Task to carry out:
The listing that follows should be copied in full and exactly, with no pictures.

Information supplied:

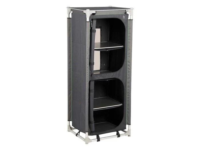 Il vous manque un espace de rangement supplémentaire, mais vous n’avez pas la place pour une grande armoire ? Optez alors pour l’armoire haute Bo-Camp Deluxe. Pour cette armoire de camping compacte, il y a toujours de la place dans votre tente ou auvent. L’armoire mesure 60 x 49 x 140 cm et est pourvue de 4 étagères que vous pouvez fermer avec une fermeture éclair. L’arrière est équipé d’un filet qui assure une bonne ventilation de l’armoire. Sur le côté, il y a quelques compartiments de rangement supplémentaires, pratiques pour ranger un magazine, un déodorant ou de la crème solaire.
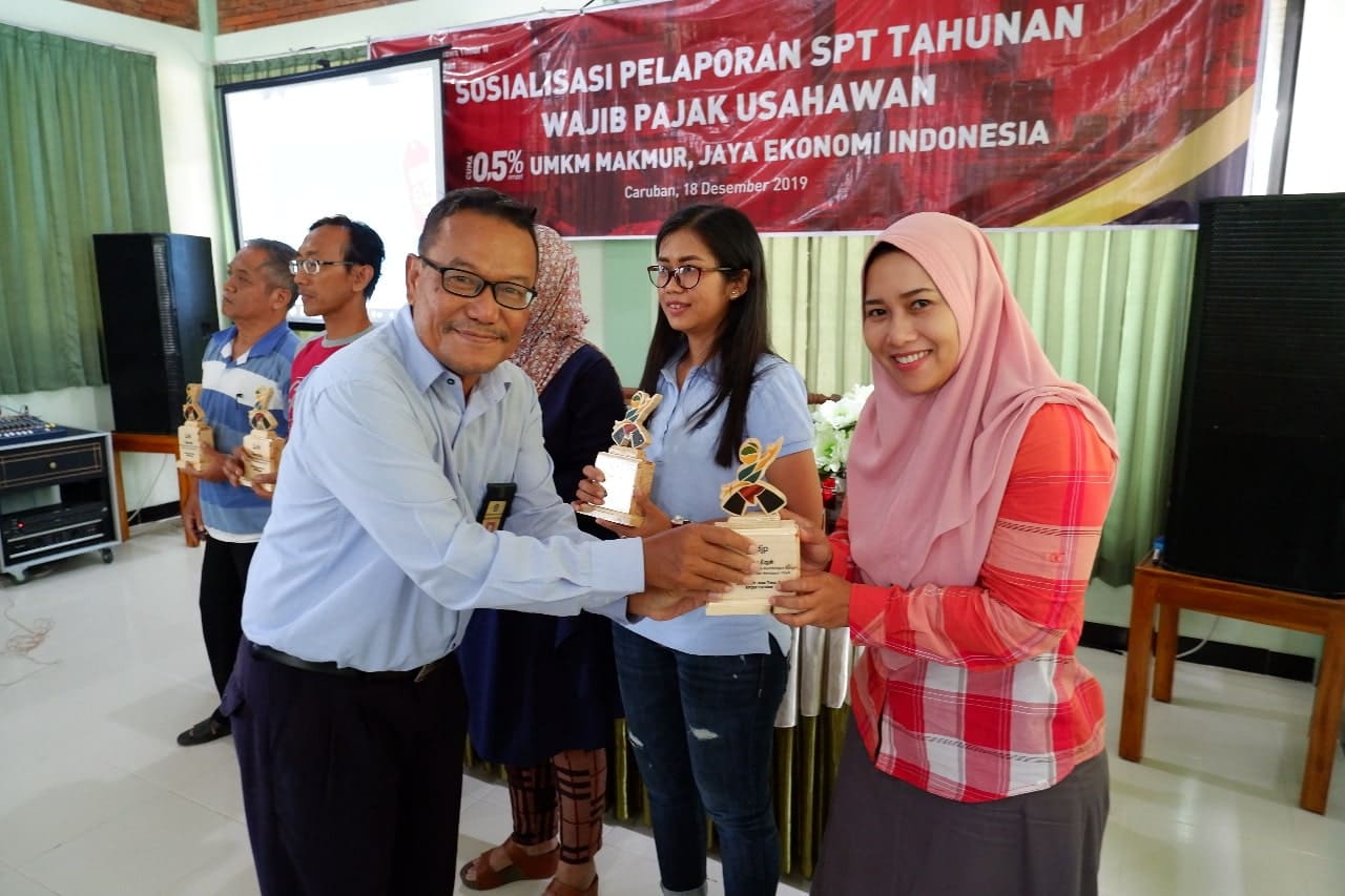Setelah sesi tanya jawab, acara dilanjutkan dengan penyerahan plakat oleh Kepala KP2KP Caruban kepada seluruh peserta yang hadir. Soetarwo menuturkan bahwa pemberian plakat ini sebagai wujud apresiasi dan terima kasih KP2KP Caruban kepada seluruh peserta yang hadir karena telah taat membayar pajak selama tahun berjalan ini.
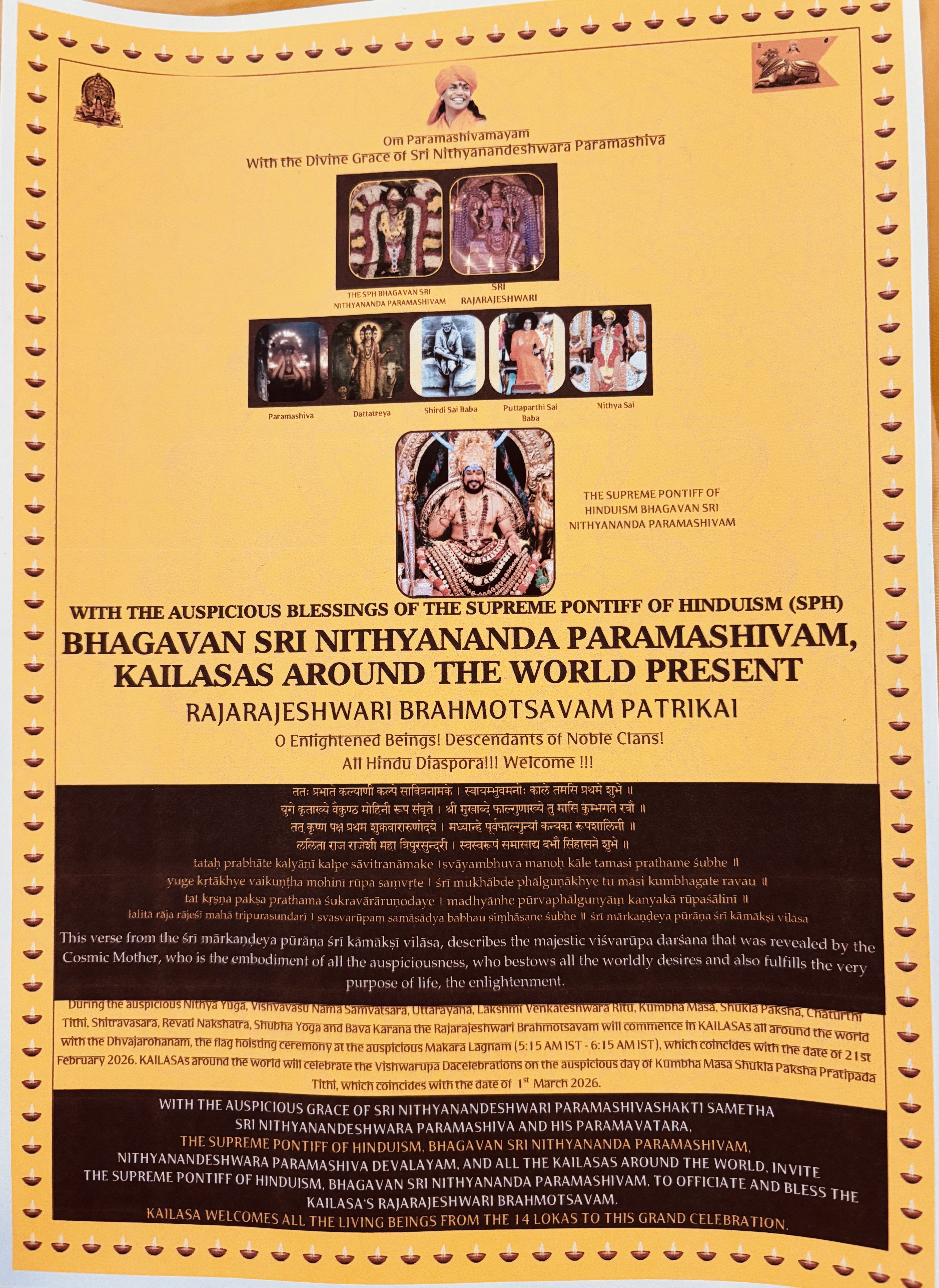 With the blessings of THE SUPREME PONTIFF OF HINDUISM (SPH), BHAGAVAN SRI NITHYANANDA PARAMASHIVAM — the ultimate manifestation, Paramavatara of Paramashiva — KAILASA Paris France celebrated the auspicious commencement of the Rajareshwari Brahmotsavam on February 20, 2026. This sacred celebration marked the beginning of a profound spiritual journey for the local community, centering on the worship of Goddess Raja Rajeshwari. Through the divine grace of THE SPH and all the gods and goddesses of KAILASA, the event served as a powerful medium for the revival of Sanatana Hindu Dharma in Europe. The activities, which included traditional Hindu rituals and sacred offerings, enriched the lives of 108 participants, fostering a deep connection to the ancient enlightened Hindu civilization and the superconscious breakthrough envisioned by THE SPH for all of humanity.

Finished exercise:
 Il vous manque un espace de rangement supplémentaire, mais vous n’avez pas la place pour une grande armoire ? Optez alors pour l’armoire haute Bo-Camp Deluxe. Pour cette armoire de camping compacte, il y a toujours de la place dans votre tente ou auvent. L’armoire mesure 60 x 49 x 140 cm et est pourvue de 4 étagères que vous pouvez fermer avec une fermeture éclair. L’arrière est équipé d’un filet qui assure une bonne ventilation de l’armoire. Sur le côté, il y a quelques compartiments de rangement supplémentaires, pratiques pour ranger un magazine, un déodorant ou de la crème solaire.
Setelah sesi tanya jawab, acara dilanjutkan dengan penyerahan plakat oleh Kepala KP2KP Caruban kepada seluruh peserta yang hadir. Soetarwo menuturkan bahwa pemberian plakat ini sebagai wujud apresiasi dan terima kasih KP2KP Caruban kepada seluruh peserta yang hadir karena telah taat membayar pajak selama tahun berjalan ini.
 With the blessings of THE SUPREME PONTIFF OF HINDUISM (SPH), BHAGAVAN SRI NITHYANANDA PARAMASHIVAM — the ultimate manifestation, Paramavatara of Paramashiva — KAILASA Paris France celebrated the auspicious commencement of the Rajareshwari Brahmotsavam on February 20, 2026. This sacred celebration marked the beginning of a profound spiritual journey for the local community, centering on the worship of Goddess Raja Rajeshwari. Through the divine grace of THE SPH and all the gods and goddesses of KAILASA, the event served as a powerful medium for the revival of Sanatana Hindu Dharma in Europe. The activities, which included traditional Hindu rituals and sacred offerings, enriched the lives of 108 participants, fostering a deep connection to the ancient enlightened Hindu civilization and the superconscious breakthrough envisioned by THE SPH for all of humanity.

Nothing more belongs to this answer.